In other words, EMC and Dell could combine in one of the largest leveraged buyouts ever and still be run over by hyperscale cloud providers such as Amazon Web Services and Microsoft and lack the hybrid play that IBM touts. HP Enterprise would aim to pounce on the fear, uncertainty and doubt surrounding a Dell-EMC merger. Much of that FUD would revolve around the combined EMC-Dell's ability to fund innovation with what will be a heavy debt load.
The EMC-Dell situation is fluid and there are multiple options that could be in play. Credit Suisse analyst Kulbinder Garcha said in a research note:
We believe there are many avenues for Dell to pursue (financing permitting). 1) Dell could buy the whole of EMC, which, given EMC's market cap of about $50bn, would be a large transaction. 2) Dell could acquire EMC and spinoff one of the assets. 3) Dell could buy just the storage asset of EMC, EMC II, essentially breaking up the federation.
Dell went private to transform from a reliance on PC to more soup-to-nuts infrastructure, services and software. Financially, the time is right for Dell to ponder a leveraged buyout due to low interest rates. What's unclear is whether Wall Street has the appetite to fund a leveraged buyout that large at a low rate.
It wouldn't be crazy to Cisco to ponder an EMC purchase too. EMC with VMware would be a strong asset for most of the IT megavendors.
Should Dell pull off an EMC merger, it's clear that the IT vendor landscape would shift. HP Enterprise, which is about to split from its PC and printer sibling, is downsizing to be more nimble. EMC and Dell would go in the opposite direction.
Jefferies analyst James Kisner noted the scale from EMC and Dell would likely mean more consolidation.

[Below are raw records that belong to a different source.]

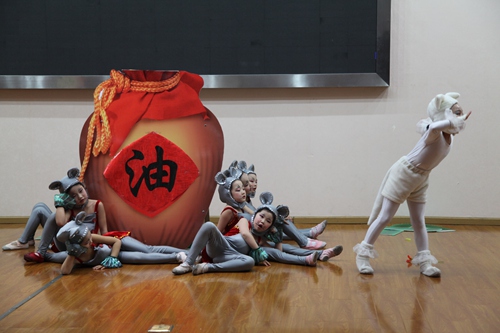 一年级的8位小朋友在茶店子小学(南区)表演课本剧:《猫和老鼠》
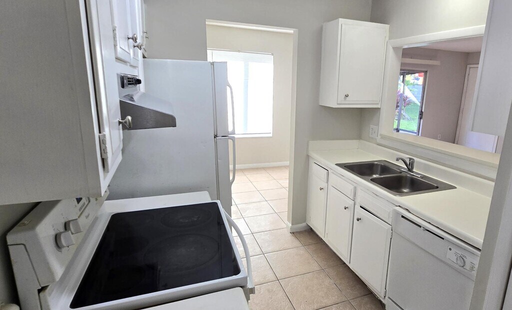 This 2-bedroom, 1.5-bathroom townhome in Kissimmee offers 1,012 square feet of living space. It includes a range, refrigerator, dishwasher, washer, dryer, and blinds. The downstairs features ceramic tile, while the upstairs has brand-new carpet. There’s a screened porch, a one-car garage, and access to a community pool and basketball/tennis courts. Monthly rent is $1695, with water and lawn care included. One car garage.
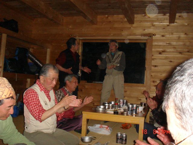 17:30 夕食開始。明日の登山を思い浮かべながら、楽しいひと時を過ごした。
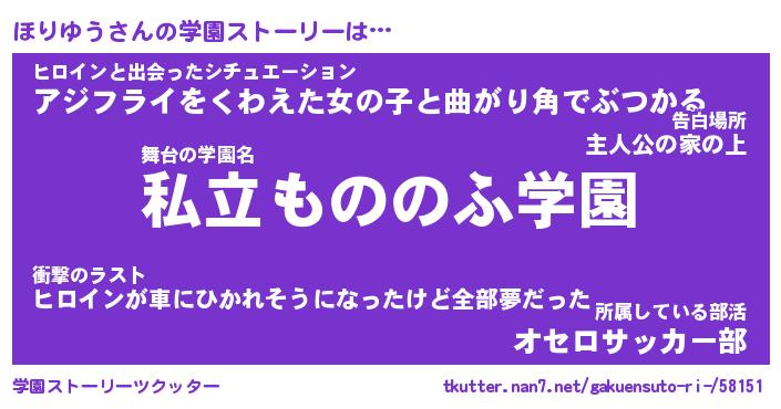 | 男性向けラノベタイトル風あだ名 | 『ほりゆうの憂鬱』 |

We see increased scale as the main benefit from a combination. Dell and EMC are increasingly competing with the likes of Amazon, Google, Microsoft, and others that have deep pockets; becoming larger would make Dell and EMC of greater strategic importance to their customers. Secondly, a combination would allow Dell+EMC to provide a more compete private cloud stack. While Dell is not as significant a player in networking as HP Enterprise, Dell's server position and software could prove useful (servers could be used in hyper converged appliances, for example). We believe enterprise customers want their private cloud vendors to be able to provide an easily integrated and scalable private cloud stack that ideally is also interoperable with other vendors' stacks. This combination would at least increase EMC's breadth.